A sustentabilidade não se esgota na descarbonização. Focando-nos no retalho alimentar, qual tem sido a abordagem?
Merece relevância o contributo no combate ao desperdício alimentar. Em 2023, as empresas nossas associadas doaram mais de 24 mil toneladas de alimentos a mais de 1000 instituições sociais e estima-se que, através de um circuito para facilitar o seu consumo em condições de segurança alimentar, se evitou o desperdício de mais de 26 mil toneladas de produtos alimentares que estavam prestes a atingir a data de validade. A isto junta-se um esforço de ajudar os consumidores a interpretar as datas de validade, já que a incorrecta interpretação destas datas é um dos factores que contribui para o desperdício alimentar nas famílias. Queremos fazer ainda mais neste domínio, mas é necessário eliminar obstáculos na área fiscal e optimizar os processos de recolha e os procedimentos para doação de alimentos, num trabalho colaborativo que envolva toda a cadeia de valor.

E quanto ao não alimentar – do têxtil à electrónica de consumo, que boas práticas estão a ser promovidas?
Destaco a iniciativa de incentivo aos consumidores para a entrega de resíduos de equipamentos eléctricos e electrónicos (REEE) nos locais próprios e adequados para a sua reciclagem, e que conta com o apoio da ERP-European Recycling Platform e do Electrão. É uma iniciativa importante, que pretende mobilizar os cidadãos para a acção e ajudar o país a cumprir as metas de reciclagem destes equipamentos, já que os dados demonstram que ainda estão longe dos objectivos. Há muitos outros desafios na área do retalho especializado, desde logo os que se prendem com os novos requisitos de sustentabilidade e de circularidade dos produtos e os que decorrem do novo passaporte digital, que exigirá também a informação e sensibilização do consumidor para esta nova abordagem. O têxtil é igualmente uma área muito importante para o nosso sector e avizinham-se novas directrizes da União Europeia para fomentar a circularidade destes materiais.

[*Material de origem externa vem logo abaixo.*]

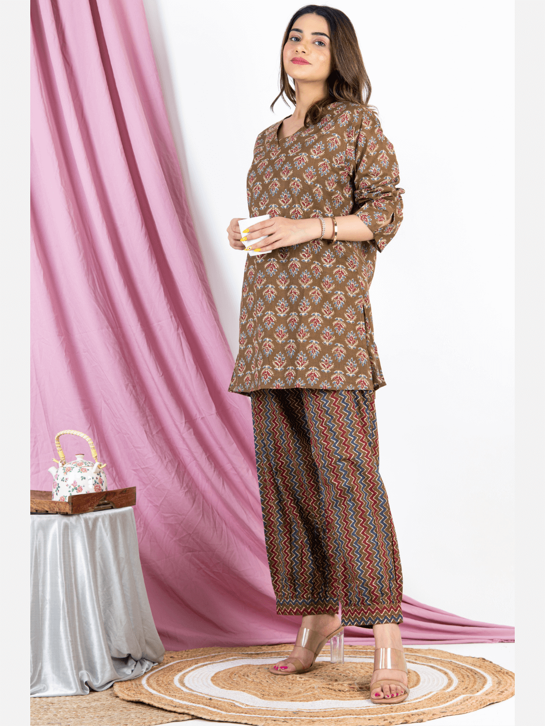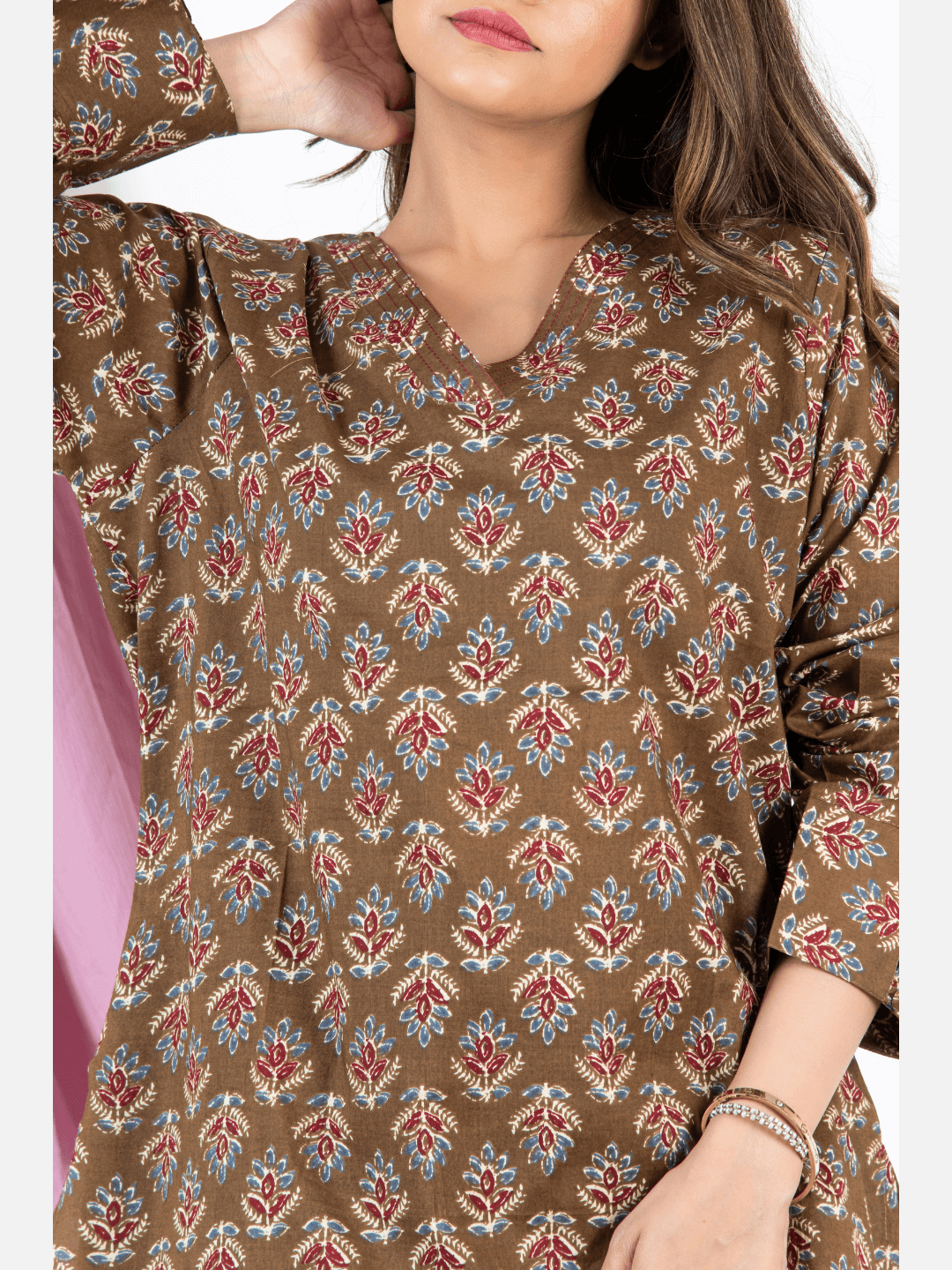 Wine Mocha Pure Cotton V-Neck Midi with Shrug
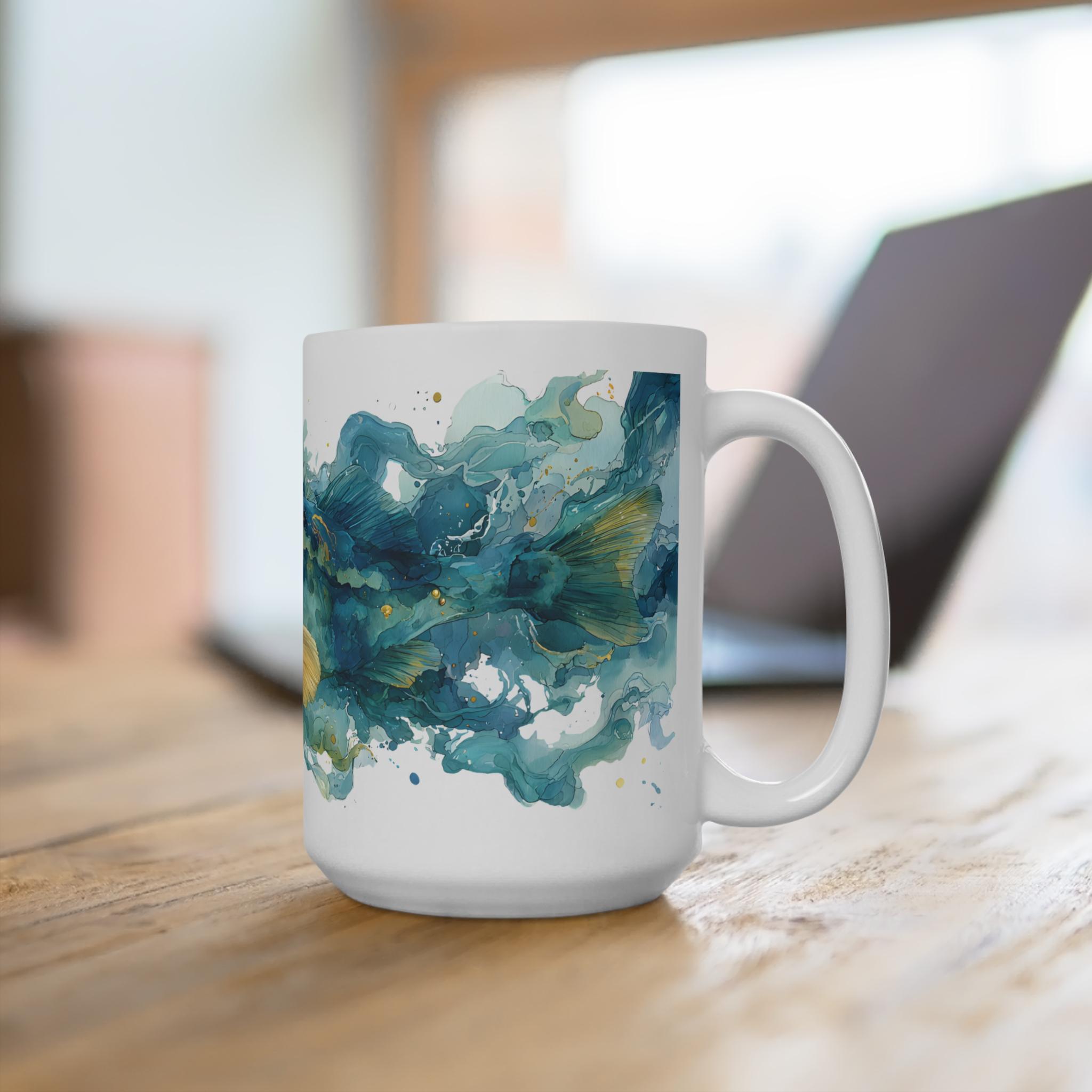 Die Dorsch Aquarell Tasse von Shotspace vereint maritimes Design mit Funktionalität und ist ideal für Kaffeeliebhaber. Erhältlich in zwei Größen (11 oz und 15 oz), bringt sie einen Hauch von Meer in Ihren Alltag. Genießen Sie Ihre Getränke stilvoll für nur 18,00 bis 20,00 Euro.
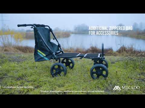 Wózek Mikado T1 Transporter - komfortowy wózek z obszerną platformą o regulowanej długości oraz pojemną torbą. Bez problemu zmieści duży kosz z całym osprzętem. Posiada również wygodną regulację wysokości rączek i kompaktowe rozmiary transportowe.
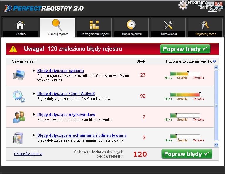 Przy pierwszym uruchomieniu program automatycznie przeskanuje rejestr w poszukiwaniu błędów i wyświetli znalezione problemy:
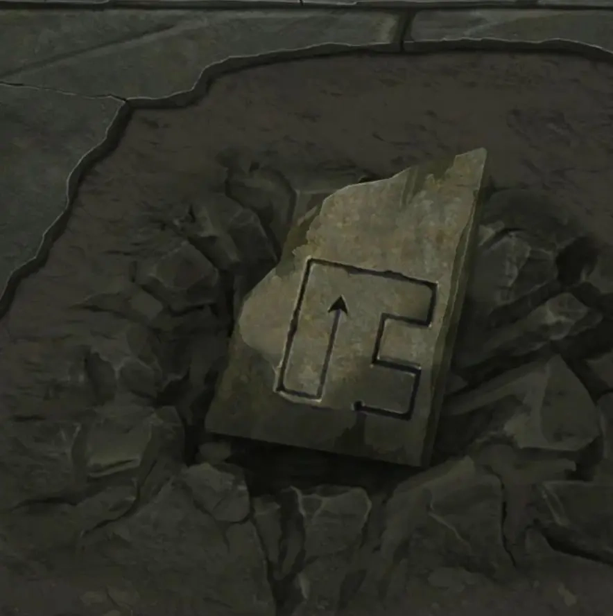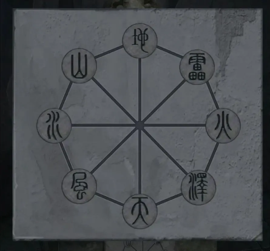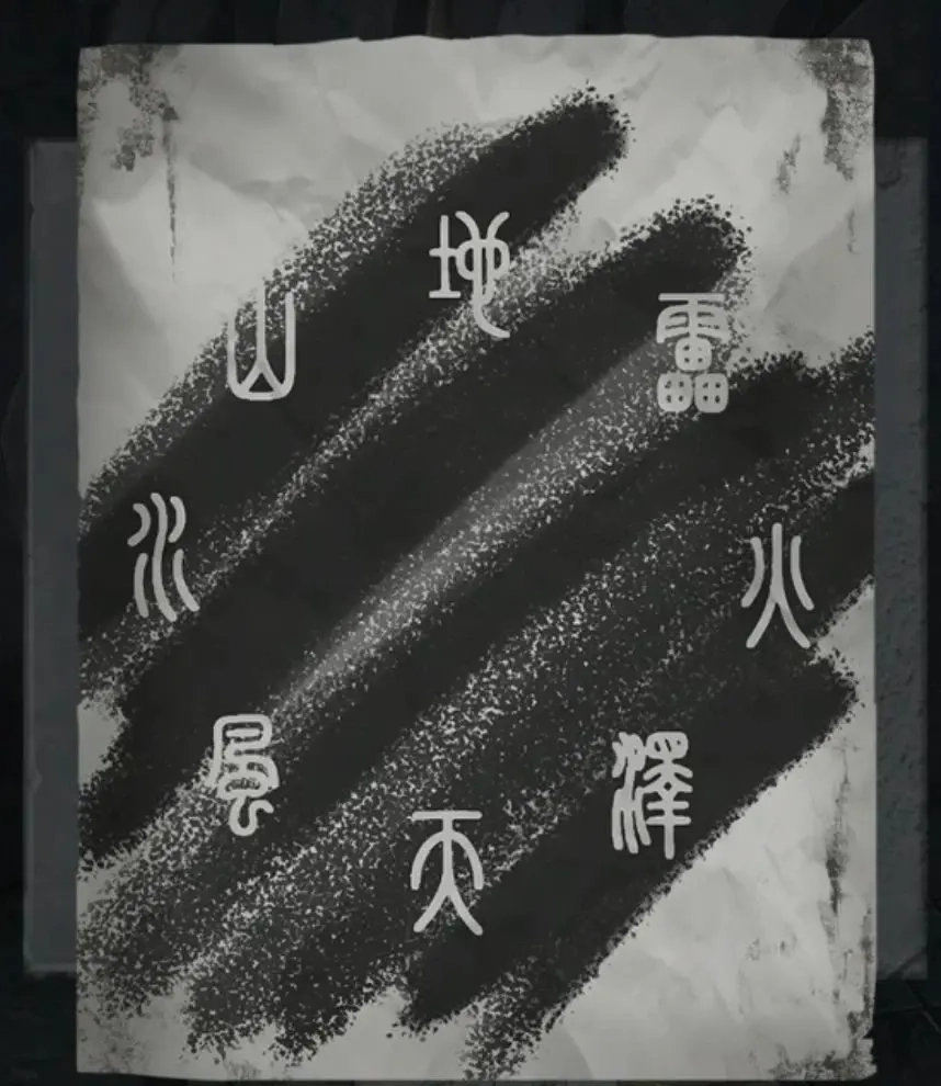 手中的拓片对应着左侧雕像的解谜提示,在该石像处使用拓片即可查看具体线索。按照线索调整时,最上方起需按顺时针依次对应地雷火泽天云水山的顺序操作。调整完成后,可从雕像口中获取环形石头,至此门上所需的两块石头便收集齐全。将两块石头嵌入石门后发现门未开启,且石头仍可交互,因此需要进一步寻找相关线索。
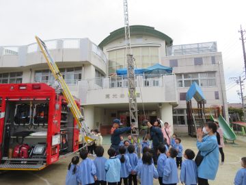 はしごも搭載しており、のばして見せて下さいました。園舎の一番上まで届くそうです。
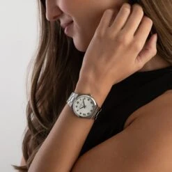 - Silver dial with stainless steel hands and roman numeral hour markers
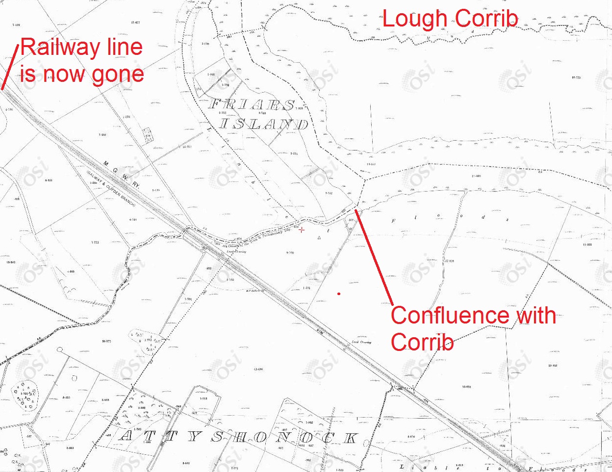 I have been up a channel from the old river in a cruiser almost up to the realigned main road but never further. Fr O’Reilly SJ who was a companion of Maurice Semple author of the series of books on the Corrib was reputed to [have] made the trip in a canoe cutting lots of farmers’ barbed wire on the way!

Como olha para o esforço que o sector está a fazer a nível europeu, nomeadamente no âmbito das organizações a que a APED pertence, como o EuroCommerce?
O EuroCommerce tem um papel fundamental junto dos decisores comunitários na afirmação da importância e do peso económico e social do sector e também na necessidade de alertar para os temas-chave, em particular para o verdadeiro “tsunami regulatório” que a distribuição tem enfrentado nos últimos anos. Queremos fazer parte da solução, mas é essencial que Bruxelas tenha uma abordagem mais inclusiva na definição de políticas, envolvendo todas as partes interessadas, ouvindo quem está no terreno e dando condições e tempo para uma preparação e aplicação atempadas da nova legislação.

Nesse sentido, em que medida a descarbonização pode constituir um factor de competitividade para Portugal?
A descarbonização não pode ser apenas um conjunto de boas intenções, tem de ser praticada no terreno. A abordagem à descarbonização através do Roteiro da APED tem enormes vantagens, não só em termos de resiliência e antecipação dos riscos regulatórios, mas também pelo facto de constituir uma oportunidade para reforçar a colaboração e melhorar a competitividade das empresas no mercado.